Quem rouba a cena, entretanto, é o vilão. Não há aventura do gênero que se segure sem um bom vilão. Não ficaram boas lembranças de Eric Bana, do exemplar de 2009, então J.J.Abrams recorreu ao  excelente ator  britânico Benedict Cumberbatch para compor o terrorista John Harrison. Ele está perfeito, com seu olhar gélido e a voz profunda, além do rosto quase ebúrneo que lhe dá um aspecto meio fantasmagórico, mais do que maquiavélico.

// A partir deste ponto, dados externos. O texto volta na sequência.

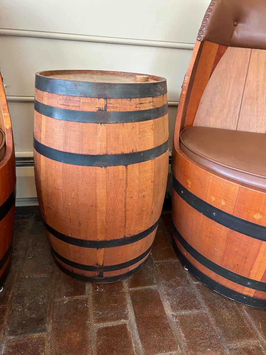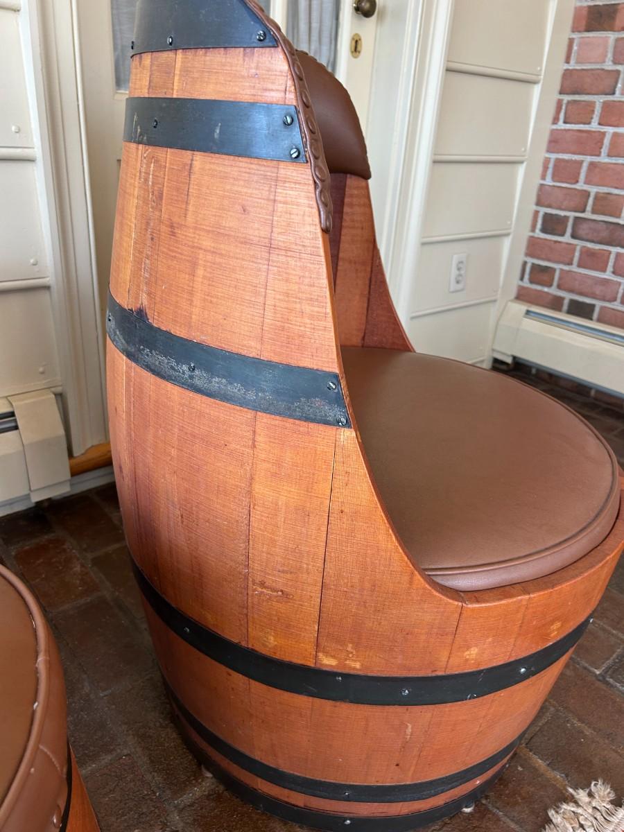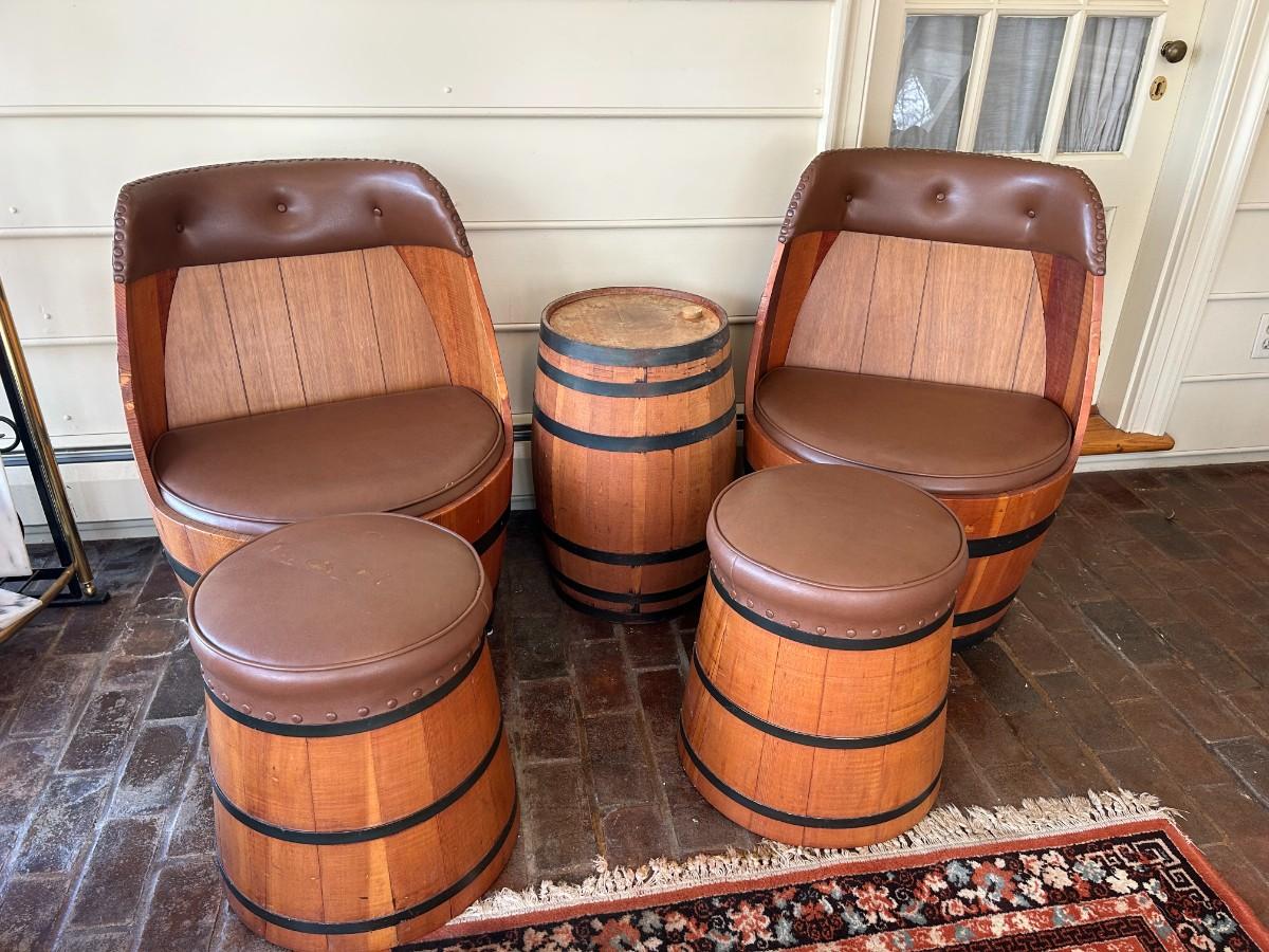 Be the first (and only) to own this amazing one-of-a-kind set handmade out of wine barrels. Two chairs with stools and small table make the perfect place to try a new bottle of wine with your friend.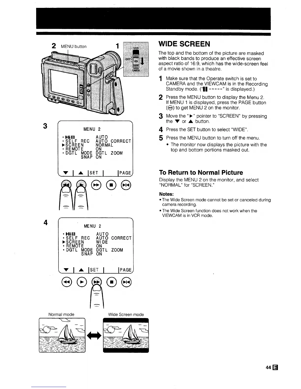 Sharp ViewaCam VL-H29E - Wide Screen; To Return to Normal Picture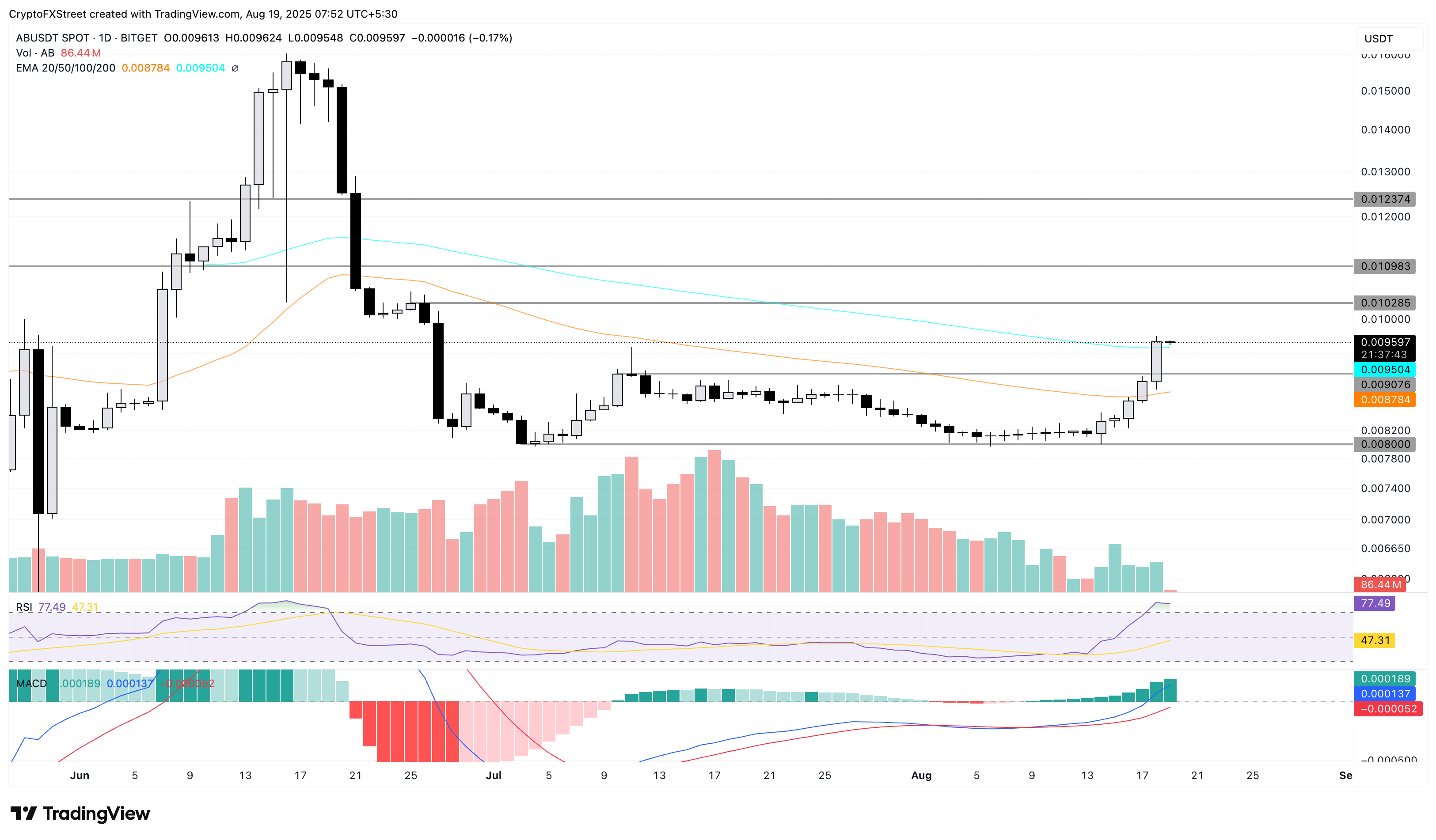 AB se desliza a la baja en el momento de la publicación el martes, después de imprimir cinco velas alcistas consecutivas. La tendencia alcista marca la ruptura de una fase de consolidación y la media móvil exponencial (EMA) de 100 días en 0.009504$.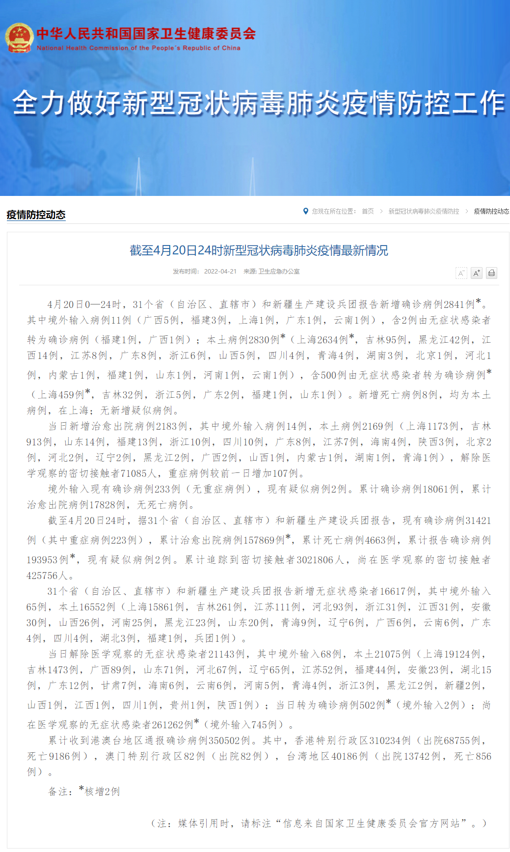 4月20日0—24时,31个省(自治区、直辖市)和新疆生产建设兵团报告新增确诊病例2841例*。其中境外输入病例11例(广西5例,福建3例,上海1例,广东1例,云南1例),含2例由无症状感染者转为确诊病例(福建1例,广西1例);本土病例2830例*(上海2634例*,吉林95例,黑龙江42例,江西14例,江苏8例,广东8例,浙江6例,山西5例,四川4例,青海4例,湖南3例,北京1例,河北1例,内蒙古1例,福建1例,山东1例,河南1例,云南1例),含500例由无症状感染者转为确诊病例*(上海459例*,吉林32例,浙江5例,广东2例,福建1例,山东1例)。新增死亡病例8例,均为本土病例,在上海;无新增疑似病例。
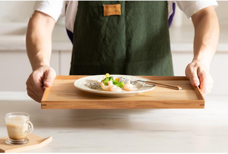 Bandeja de carvalho estilo japonês mortise retangular e tenon bandeja de madeira maciça prato de prato de frutas domésticas Chá de madeira Conjunto Bandeja de louça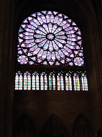 直径13mのバラ窓は正面ファサードのバラ窓よりも大きい。その下の長い窓と合わせると採光部は18mに達する。それは1248年、先にできた王宮に付随するサント・シャベルの経験が生かされ、より袖廊より採光が取り入れられるよう研究された結果らしい。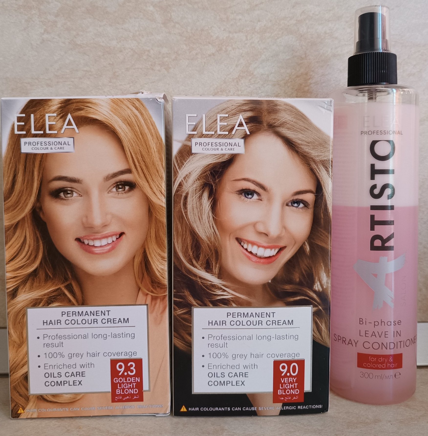 За обезцветяване, марката ELEA предлага два варианта. Класически блондор с прахообразен обезцветител - 0/0 Изсветлител за коса супер блонд, който изсветлява косата до 6 тона или по-щадящ вариант - 0/00 Кремообразен изсветлител за коса, който изсветлява до 4 тона. Преценете внимателно кой от двата продукта би бил по-подходящ за вас и имайте предвид, че обезцветяването по-принцип е по-агресивна процедура и трябва да бъдете внимателни с времето на престой на продукта върху косата.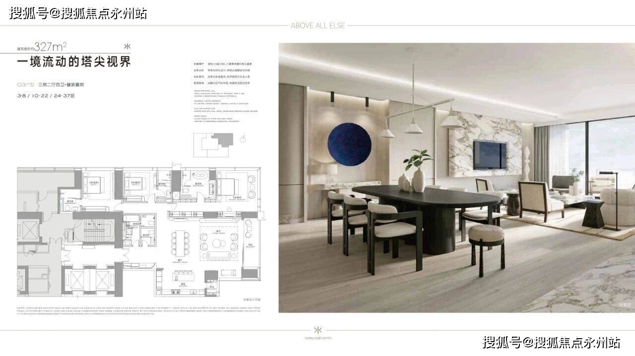 项目首推T3栋约123户,面积段约为:低区约303-327-400㎡,高区约400-570-1000㎡,层高约3.6-4.5米,均通燃气且配备超大阳台,部分户型采用 270°环幕视野设计。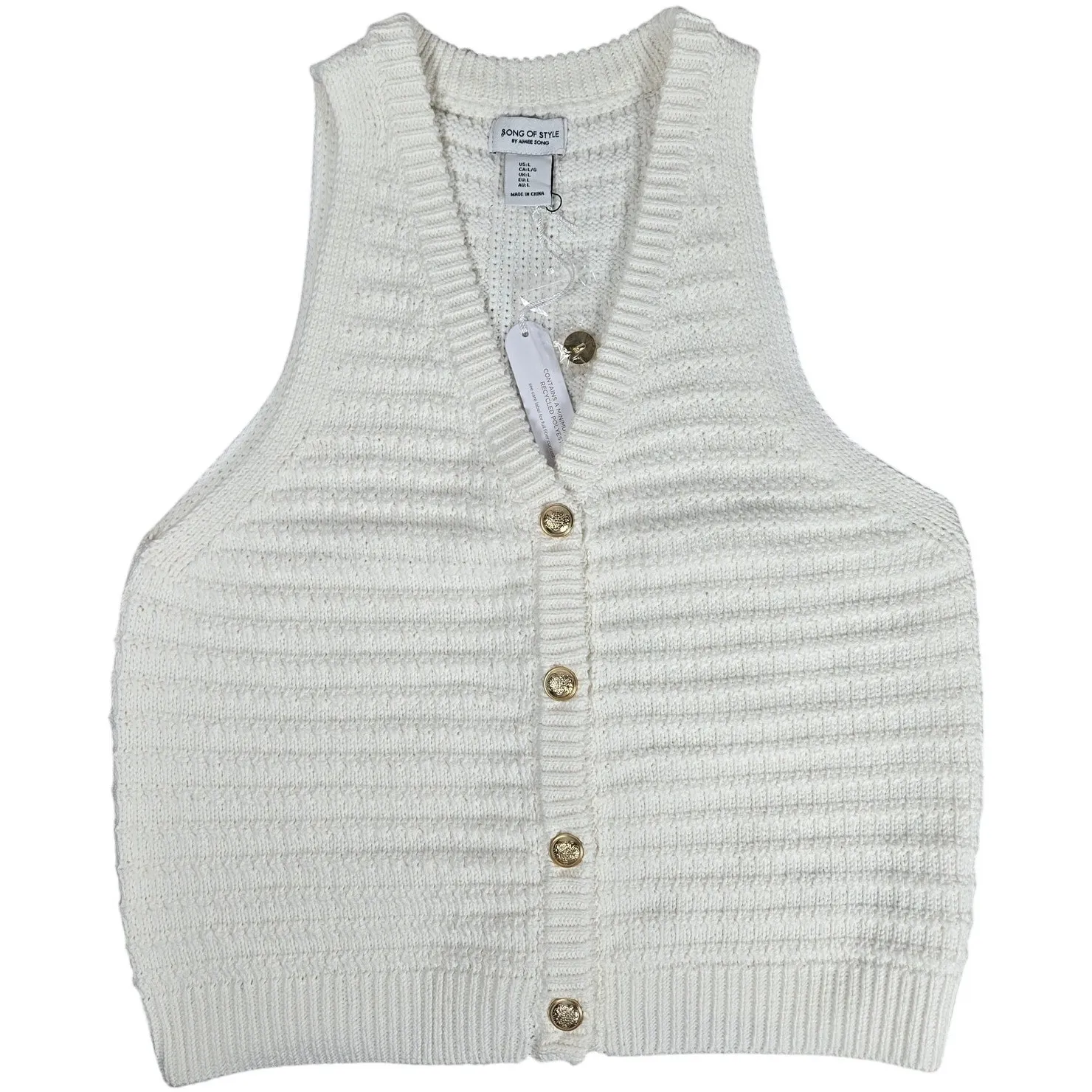 Song of Style by Aimee Song Lady Knit Sweater Tank Vest L NWT New with tags. Size: L 68% Polyester, 20% Cotton, 12% Acrylic Machine wash V-Neck Extra Button Included Knit Gold detail buttons Measurements are in the photos.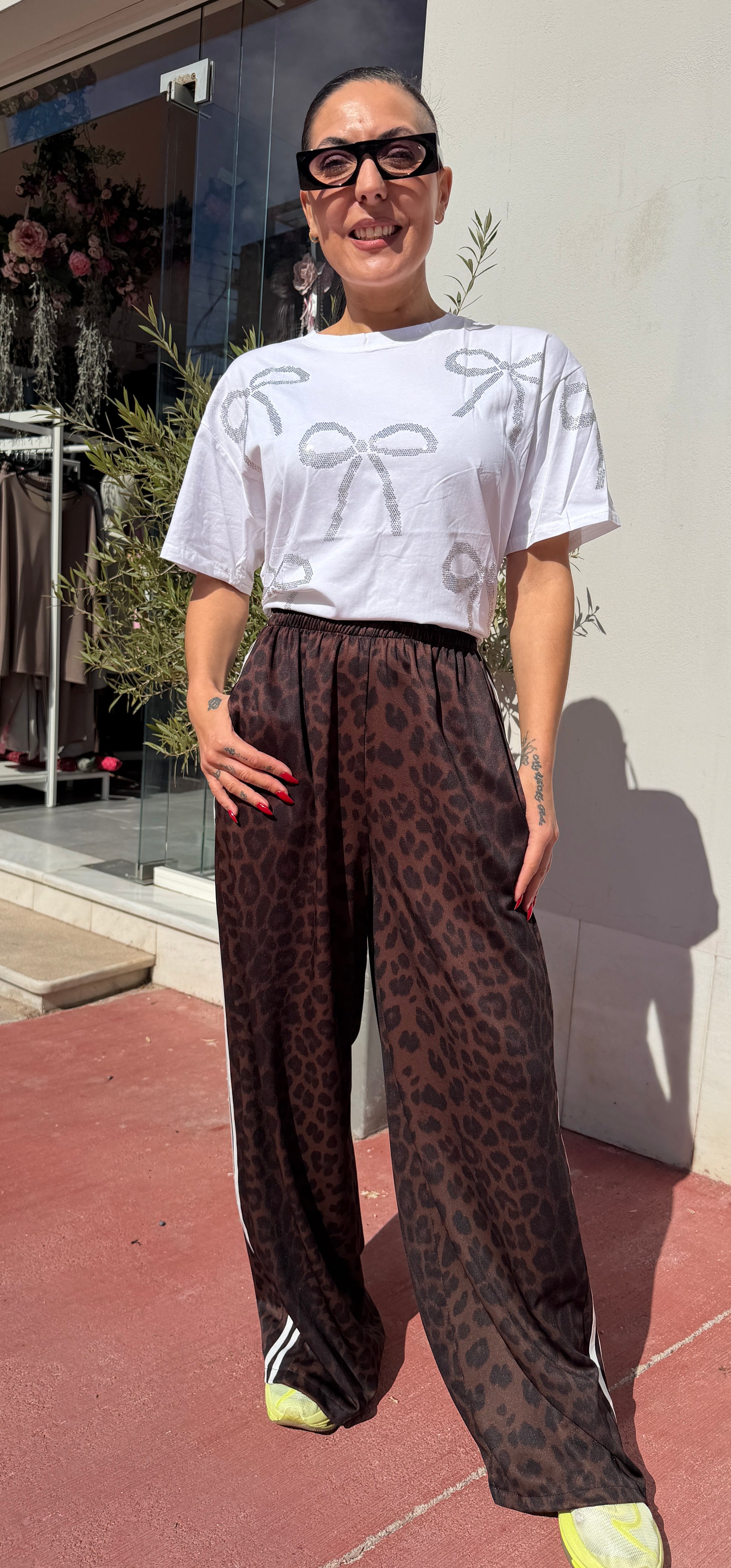 Φόρμα Jaguar print με ασπρι ριγα στα πλαϊνά και ισια γραμμή.

Em “Além da Escuridão- Star Trek” não estamos apenas em uma ficção científica futurista, apesar dos cenários e do ano em que se passa a ação. Na história temos um atentado terrorista, a procura obstinada pelo autor e um misto de violência e desejo de vingança. O ataque a uma biblioteca no centro de Londres não é mera coincidência que tenha semelhança com o 11 de setembro em Nova York, e depois com a caça a Bin Laden ou o sentimento que dominou a nação americana após o trágico acontecimento.
“Star Trek” valoriza o nome de J.J. Abrams, que será o responsável pela direção da continuação de uma das franquias mais bem-sucedidas da história do cinema, “Star  Wars”. Com certeza sua ousadia e seu domínio sobre o ritmo frenético de aventuras espaciais garantiram sua escolha.
Depois de várias pré-estreias por todo o Brasil na semana passada e nesta, o novo “Star Trek” está chegando ao circuito normal para ocupar centenas de salas. O filme tem um início frenético, marcado por imagens e cores impressionantes, além da música poderosa e envolvente. O espectador é “agarrado” nas primeiras sequências e o ritmo permanece durante as mais de duas horas que se sucedem, sendo amenizado pelo humor quase sempre presente em afiados e inteligentes diálogos. Estamos falando, obviamente, de um ótimo divertimento, embora nada mais que o prometido.

O novo filme, assim como o anterior, abandonam o nome “Jornada nas Estrelas” para que se fixe o título “Star Trek”, sem tradução. Nada tira, contudo, a ligação umbilical com a história original, concebida para a TV em uma produção modestíssima, se comparada com a atual versão para a tela grande, que consumiu mais de 180 milhões de dólares. Essa soma, sem dúvida, voltará em dobro brevemente para os cofres dos estúdios. Sucesso quase tão veloz quanto  a Enterprise “entrando em dobra” em busca do espaço, a fronteira final!